Cholangiocarcinoma (CCA) remains a highly lethal malignancy with a dismal prognosis, primarily driven by therapeutic resistance. A dominant resistance mechanism involves overexpression of anti-apoptotic BCL-2 proteins (BCL-XL, BCL-2, MCL-1). While direct inhibition of these proteins shows efficacy, its clinical utility is frequently limited by dose-dependent hematotoxicity—as exemplified by ABT263, a BCL-XL/BCL-2 dual inhibitor that induces severe thrombocytopenia.

Methods

We performed integrated analyses of BCL-2 family mRNA/protein expression in clinical CCA specimens and preclinical cell lines. Leveraging proteolysis-targeting chimera (PROTAC) technology, we investigated the therapeutic application of BCL-XL-specific degraders, both as monotherapy and in combination with gemcitabine, to selectively target CCA cells while minimizing hematologic toxicity.

Results

Integrated clinical-experimental data identified BCL-XL as a principal determinant of therapeutic sensitivity in CCA. In vitro, the cereblon (CRBN)-based PROTAC XZ739 demonstrated superior efficacy to its von Hippel-Lindau tumor suppressor (VHL)-based counterpart DT2216, reducing CCA cell viability via apoptosis induction.
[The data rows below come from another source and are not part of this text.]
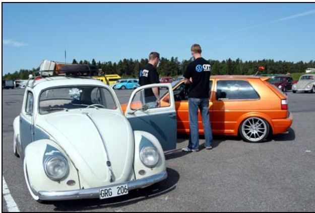
Foto från Bug Run 2006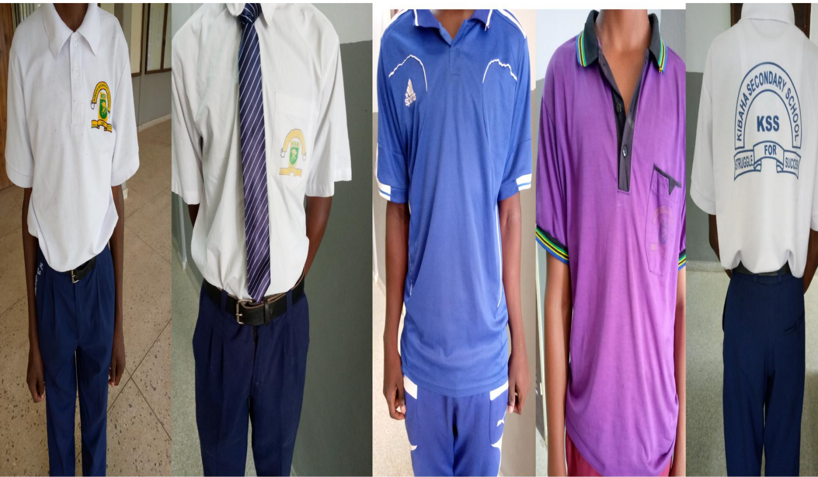
VAZI MBADALA LA DARASANI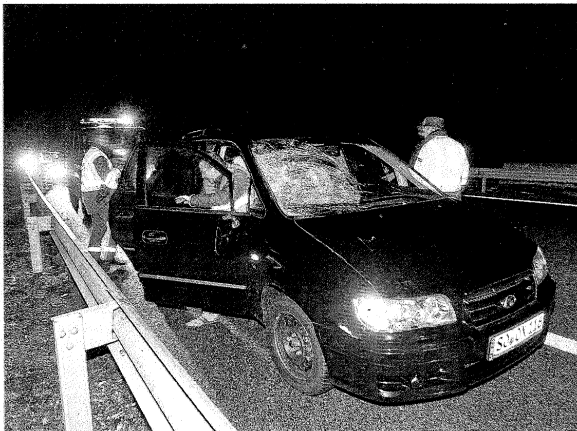
La víctima fue atropellada por un coche matriculado en Alemania.

El último episodio de maltrato se registró en Ermua durante la tarde del sábado. Una mujer solicitó la presencia de la Ertzaintza tras discutir con su expareja, con la que comparte piso. Al parecer, el hombre, de 52 años, entró en la habitación de la víctima, donde también estaba una hija de ambos de corta edad, la insultó y la zarandeó. Una patrulla policial comprobó que la afectada presentaba un hematoma en la cara por lo que detuvieron al varón.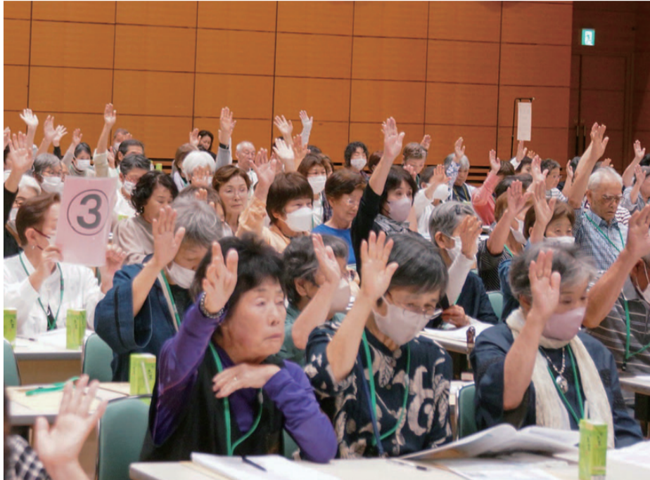
賛成多数ですべての議案が可決

いま、岡山医療生協は ●組合員数 58,414人 ●出資金17億9,846万円 ●1人平均出資金 30,788円 (2026年6月22日現在)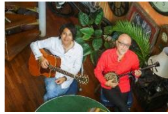
5月30日(土) THE SAKISHIMA meeting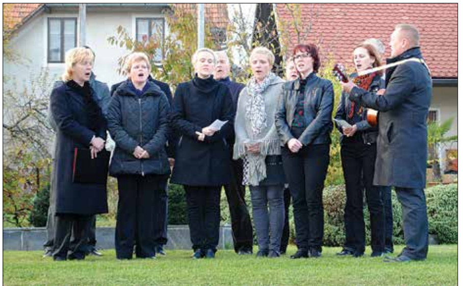
Ob spomeniku padlim na Ljubnem ob Savinji je pevski zbor zapel partizanske pesmi.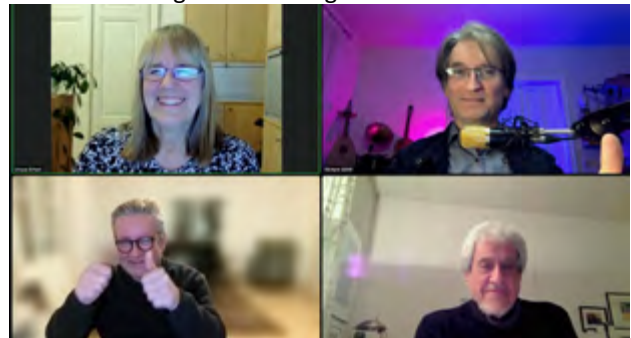
Die Fachjury bei der ersten Jurysitzung

Zusätzlich dazu musste eine weitere Komposition mit freier Besetzungsauswahl eingereicht werden.

In vivo, XZ739 synergized with gemcitabine to suppress tumor growth in a CCA xenograft model, achieving robust efficacy without significant thrombocytopenia—a critical advance over conventional BCL-XL inhibitors.

Conclusions

These findings establish XZ739 as a promising therapeutic candidate for BCL-XL-dependent CCA, highlighting its translational potential for rational combination with chemotherapy to overcome resistance while mitigating hematologic toxicity.